Trump wants to buy Greenland.  Who knew you could do that?  (Actually, we did, from history class – remember the Louisiana Purchase?)  Mount a one-week campaign to “buy” the state next to yours that listeners like the least.  Do a Go Fund Me, have an online petition, see if your governor (or an elected representative) will come on and agree because they get the joke.  Of course you won’t be successful, but you will have fun trying.

Best or Worst

New feature for your show called Best or Worst where you travel around the room and, where appropriate (if cast members have something), that person tells you about either the best thing or the worst thing that’s happened to them in the last few days.  Choose great stories and you have some character development.

What I Did On My Summer Vacation

Remember the “what I did on my summer vacation” essays we wrote when we went back to grade school?  Find your three most entertaining co-workers and get them to write theirs (50 words) then come on your show, and with an appropriate music bed, read them to the audience.

Pimp Our Lounge

School is back in session in the next few weeks and teachers are a prime demo for a show’s success.  Why not figure out a mechanism for teachers to call to enter a promotion where the winner gets their teacher’s lounge pimped out with station swag and a few months worth of snacks?

We’ll Read the Book So You Don’t Have To

Lots of kids get reading assignments from teachers before heading back to school.  Why not talk to kids who have to do this, find out what book they have to read, and if they’ve read the book yet.  If they haven’t, get a cast member to read the book for the kid and then all come back the next day for the cast member to give the student bullet points on the book so they don’t have to read it.
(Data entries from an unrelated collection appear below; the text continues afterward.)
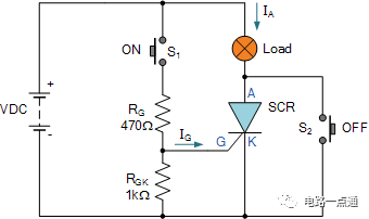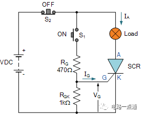 晶闸管正向偏置,并通过短暂关闭常开“ON”按钮S1触发导通,该按钮通过栅极电阻 RG将栅极端子连接到直流电源,从而允许电流流入栅极。如果 RG 的值相对于电源电压设置得太高,晶闸管可能不会触发。
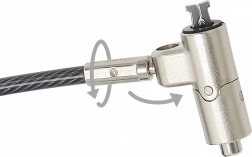 A zár feje forgatható és billenthető, így a kábelt szűk helyeken is könnyű elvezetni, és rendet tarthat az asztalon.
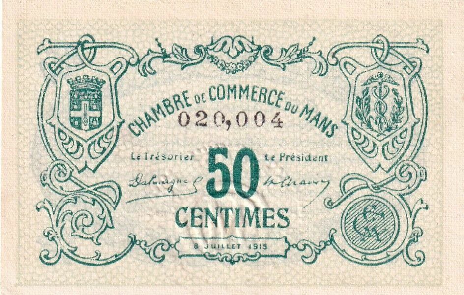 This 50 centime note was issued by the Chamber of Commerce of Le Mans on July 8, 1915. It belongs to the first series of notes issued by this institution.
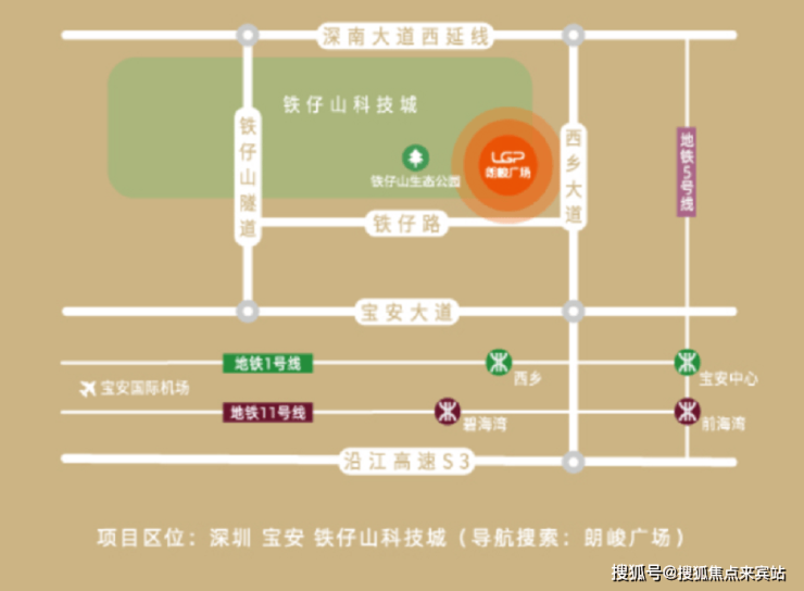 项目与三大地铁相邻,临近1 号线西乡站、11 号线碧海湾站、12 号线宝安客运中心站。同时,宝安大道、G107 国道、G4 京港澳高速、广深沿江高速、西乡大道、铁仔山隧道环绕。项目距福永码头、大铲湾码头约6 公里,距深圳国际机场约11 公里。
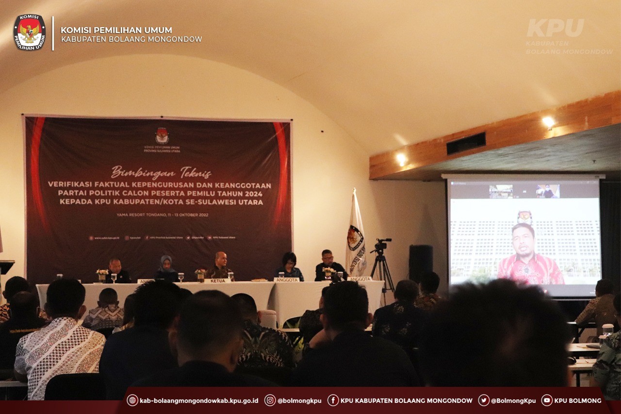 Lolak, kab-bolaangmongondow.kpu.go.id - Anggota KPU RI Divisi Teknis Penyelenggaraan, Idam Holik memberi pengarahan dalam kegiatan bimbingan teknis Verifikasi Faktual Kepengurusan dan Keanggotaan dengan KPU Kabupaten Kota se-Sulawesi Utara yang mengundang Komisioner, Sekretaris, Kasubag serta Verifikator sebagai peserta Bimtek di Yama Resort Minahasa sejak tanggal 11 – 13 Oktober 2022.
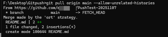 说明:main 是 GitHub 默认分支名,若你的分支名是 master,替换为 git pull origin master --allow-unrelated-histories;
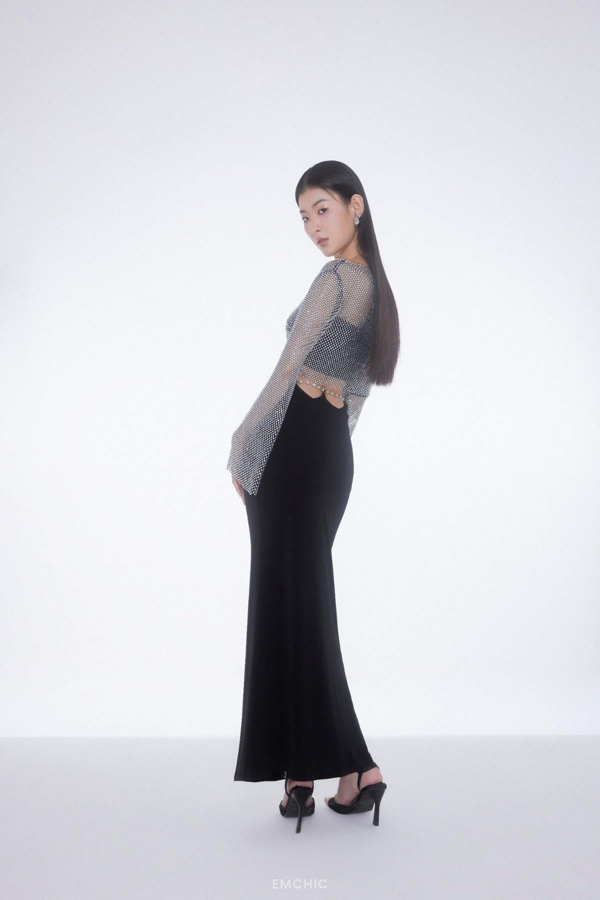 This striking Rhinestone-embellished Set is perfect for any special occasion. Crafted with a luxuriously soft cotton top and featuring a sparkling rhinestone-embellished net top outside, you'll look beautiful and elegant at your next night out or event. The long cotton skirt adds a modern touch that will stand out from the crowd. Step up your style game with this beautiful black set.
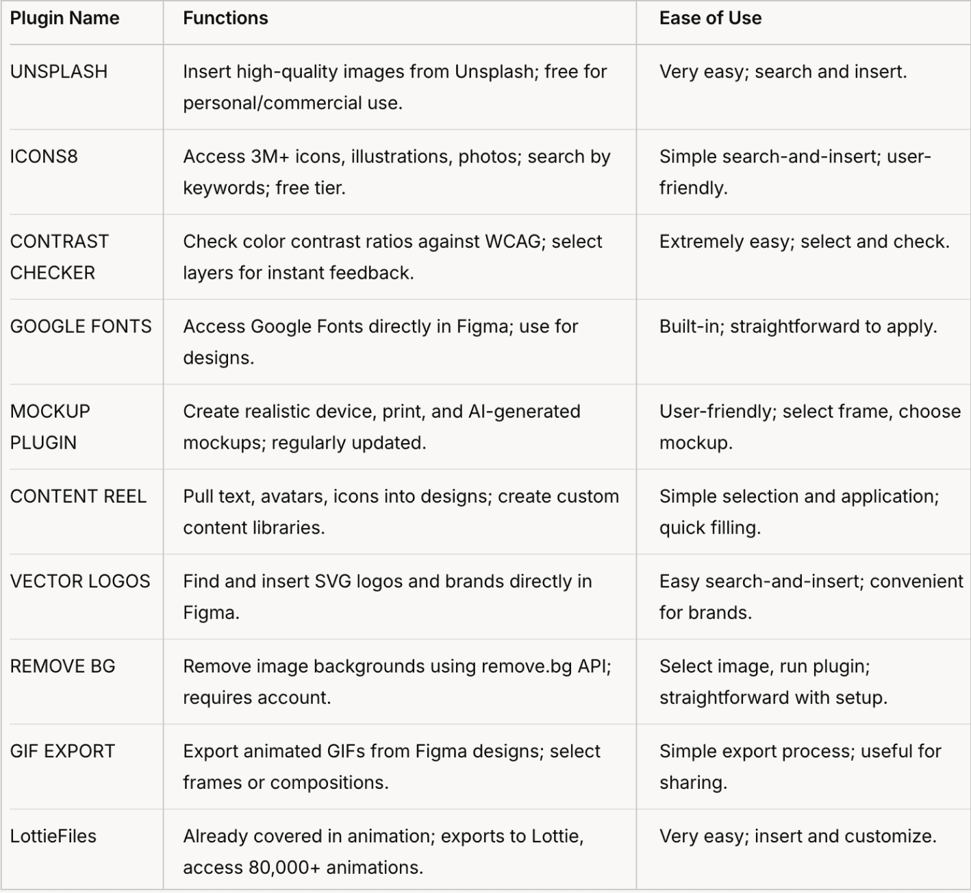 Figma plugins enhance design workflows by automating tasks and integrating advanced features. Below, I’ve organized the plugins into categories for clarity, detailing their functions and ease of use.
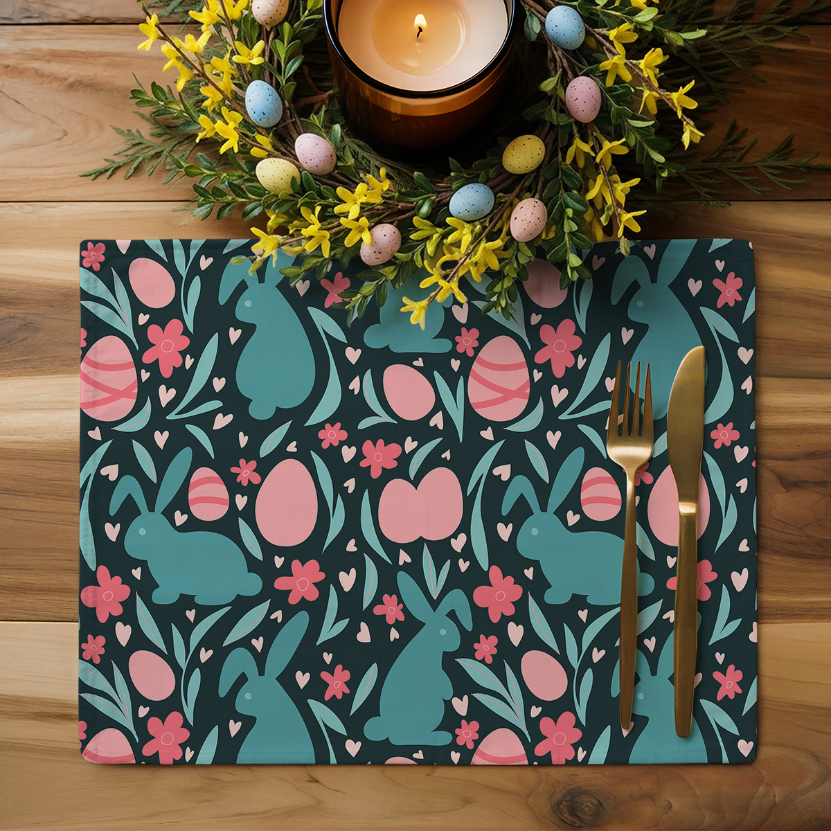 Pierwszy akapit opisuje urok dekoracyjnego wzoru: drobne zajączki, pisanki i kwiatowe akcenty tworzą radosny, wiosenny motyw w stonowanej, a jednocześnie wyrazistej kolorystyce. Wzór dobrze sprawdzi się jako centralny punkt aranżacji stołu na święta lub do codziennego podkreślenia wiosennego nastroju. Podkładki ustawione pod talerzami pełnią praktyczną funkcję — zabezpieczają blat przed zabrudzeniami i dodają estetyki przy serwowaniu posiłków. Dzięki neutralnej palecie kolorów łatwo je łączyć z naczyniami i dekoracjami, tworząc spójną kompozycję stołu. Produkt zaprojektowano z myślą o codziennym użytkowaniu; wzór pozostaje czytelny i intensywny, co sprawia, że podkładki prezentują się atrakcyjnie nawet przy częstym użytkowaniu. Łatwo utrzymać je w czystości, a po złożeniu zajmują niewiele miejsca, co ułatwia przechowywanie poza sezonem. Aby uzyskać spójny efekt dekoracyjny, polecamy łączenie z naturalnymi dodatkami takimi jak drewniane elementy, świeże kwiaty czy pastelowe pisanki — w ten sposób stół nabierze przytulnego i świątecznego charakteru.
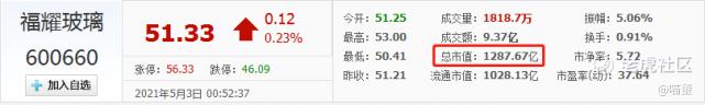 福耀玻璃目前的市值为1287.67亿,远高于我们的估值!
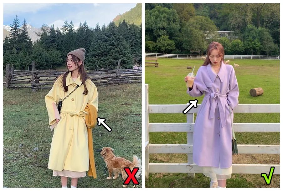 不過買X款大衣要注意,腰帶過低的款容易穿成五五分,胸以下3cm的高腰帶款才是yyds!

The Back to School Radar Gun

Every market will experience back to school in the next several weeks.  How about partnering with your local police department and ask them to set up outside a school in a high traffic area with a radar gun and have them on throughout one morning to share make and model of cars speeding through school zones?

The Tele-a-Cheaters

I think it’s smart when you put together a group of people who have something in common – we are very tribal and forming a club helps others identify with similar folks.  This one’s call the Tele-a-Cheaters and is the group of listeners who love watching a certain TV show with their significant other, but on occasion, cheat on them by watching new episodes without them.

The Amazon Prime Day Baby

Let no work begin!  We are now inside Amazon Prime Days – open those phones and ask the audience for the initials of their co-workers who’ll get absolutely nothing done because, for both days, they’re shopping on Amazon, looking for deals!

Do You Trust Us?

One of the pillars of success for your show is that, never having actually met you, the audience feels like they know you.  Play “Do You Trust Us?” with them.  Wonder out loud if they trust you and ask that they call, but don’t give them this question until they’re on-the-air with you.  Then, once on, ask if they trust you enough to give you one of their passwords.  Hear the discomfort, then if they step up to the test!

The Dominican Republic Death Toll

The Dominican Republic is in the news.  And not for good reasons.  Few of you can do this idea.  You must have an edgy show on a brand where you can very much color outside the lines, without fear of getting in trouble.  On occasion, do The Dominican Republic Death Toll, where you give the latest number of people who’ve died while vacationing there.  Told you it was edgy.